I concur with the majority’s holding that Ms. Hewitt may proceed against Palmer Veterinary Clinic (Palmer) in negligence. I further agree with the majority’s holding that this case does not implicate Bard’s rule (subjecting animal owners to strict liability) because Palmer was not the owner of Vanilla, the dog who injured Ms. Hewitt. Because the record presents disputed issues of fact, I further agree with the majority that neither party is entitled to summary judgment.
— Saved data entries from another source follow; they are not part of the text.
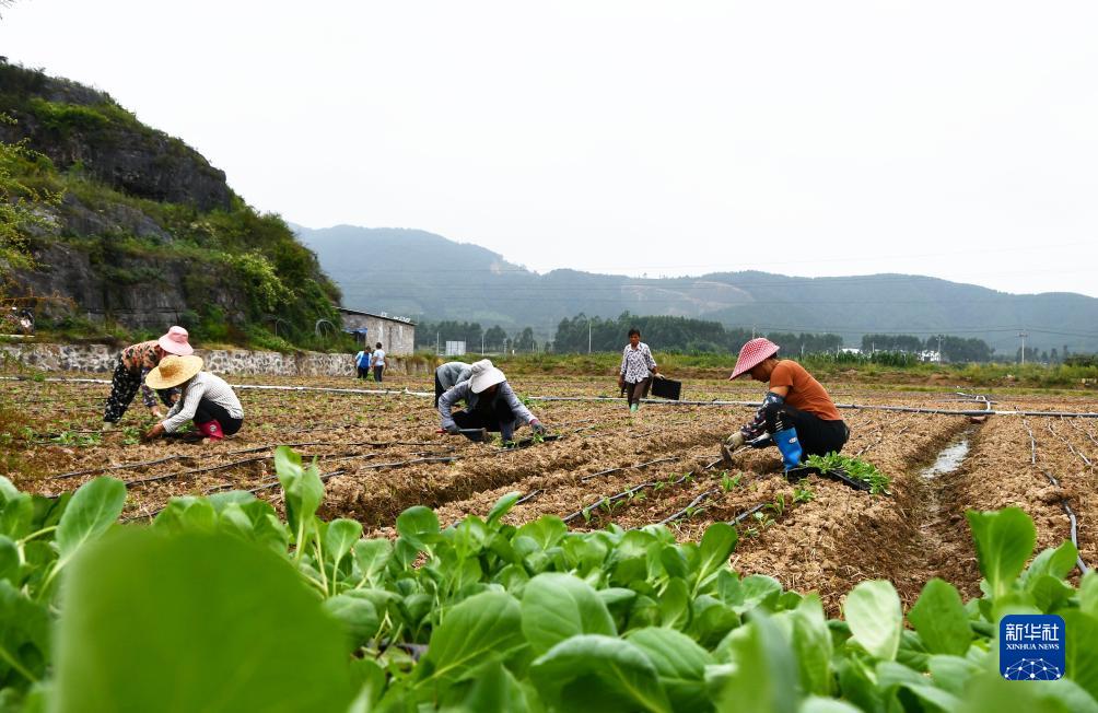 9月23日,湖南省永州市江永县潇浦镇下界头村,农民在移栽包菜苗。
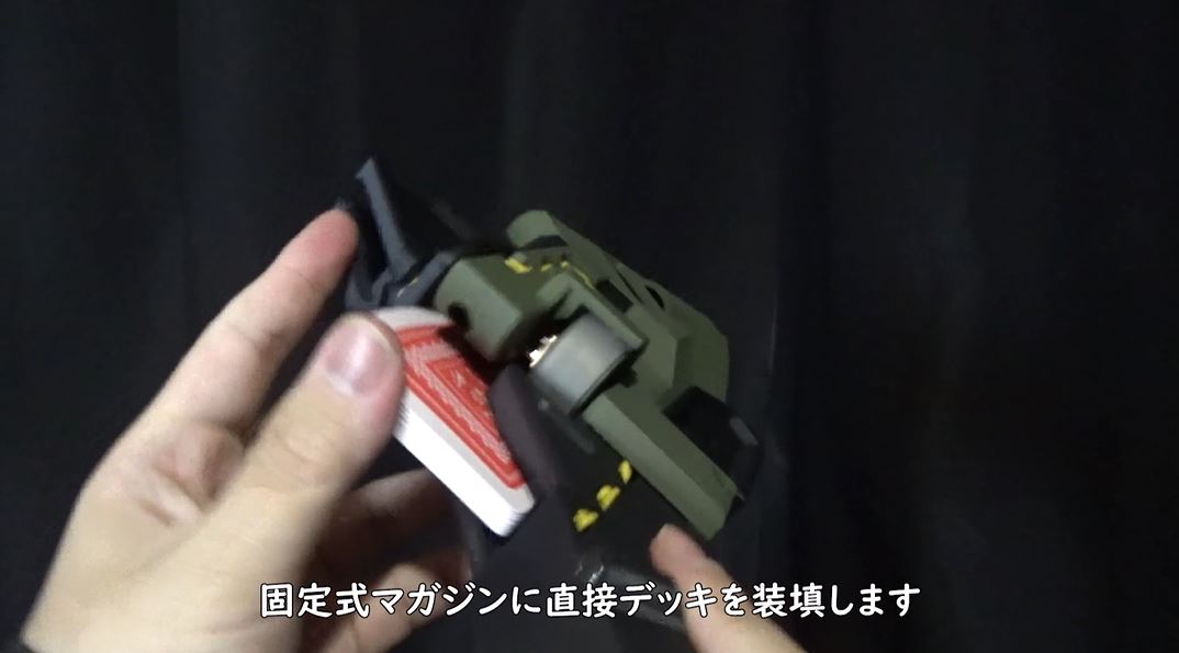 連射が素晴らしい電動のカードマシンガン。ぜひ動画で連続して打ち出されるカードの軌道をご覧ください。なんとも爽快な映像となっています。
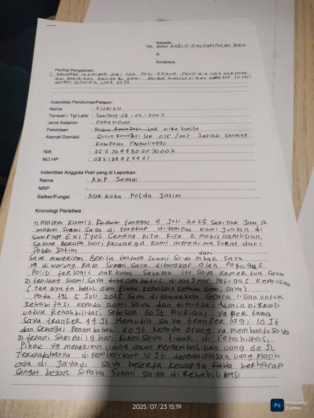 Laporan resmi ke Propam Polda Jatim telah dibuat oleh pihak korban, lengkap dengan bukti transfer dan percakapan terkait transaksi tersebut. Hingga berita ini diturunkan, pihak Polda Jatim belum memberikan keterangan resmi.
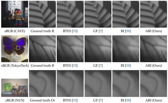 The second comparison was performed on three 31-band multispectral image datasets, the CAVE [], the TokyoTech [] and the NUS [] datasets. The CAVE and the TokyoTech datasets were captured using a monochrome camera with a liquid crystal tunable filter []. The NUS dataset was captured using a Specim’s hyperspectral camera (http://www.specim.fi/products/pfd-65-v10e/). The CAVE dataset contains 32 scenes of size 512 × 512 pixels. The TokyoTech dataset contains 30 scenes of size 500 × 500 pixels. The NUS dataset contains 66 scenes (training 41 scenes and testing 25 scenes for the purpose of []) of different pixel resolutions. In the NUS dataset, we used the testing 25 scenes for evaluation.
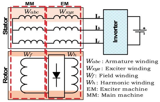- Bukhari, S.S.H.; Ahmad, H.; Chachar, F.A.; Ro, J.-S. Brushless Field-Excitation Method for Wound-Rotor Synchronous Machines. Int. Trans. Electr. Energy Syst. 2021, 31, e12961. [Google Scholar] [CrossRef]

I concur separately to express why prudence and longstanding precedent dictate that Bard’s strict liability rule—a rule that has rendered New York an outlier and confounded common sense and fairness in application—should not be extended to persons who are not the owner of the domestic animal causing injury.

I note that neither party has asked us to overturn Bard—understandably so because its rule does not apply to the facts of this case.

…It remains for the trier of fact to resolve the issue of whether the exercise of due care under the circumstances would have required any or all of the measures advocated by Ms. Hewitt’s expert affiant, for example, delaying Vanilla’s return to the waiting room or discharging her through a separate room, checking or adjusting Vanilla’s collar, or otherwise preventing Vanilla from coming close to Ms. Hewitt’s cat. Thus, neither Palmer nor Ms. Hewitt is entitled to summary judgment.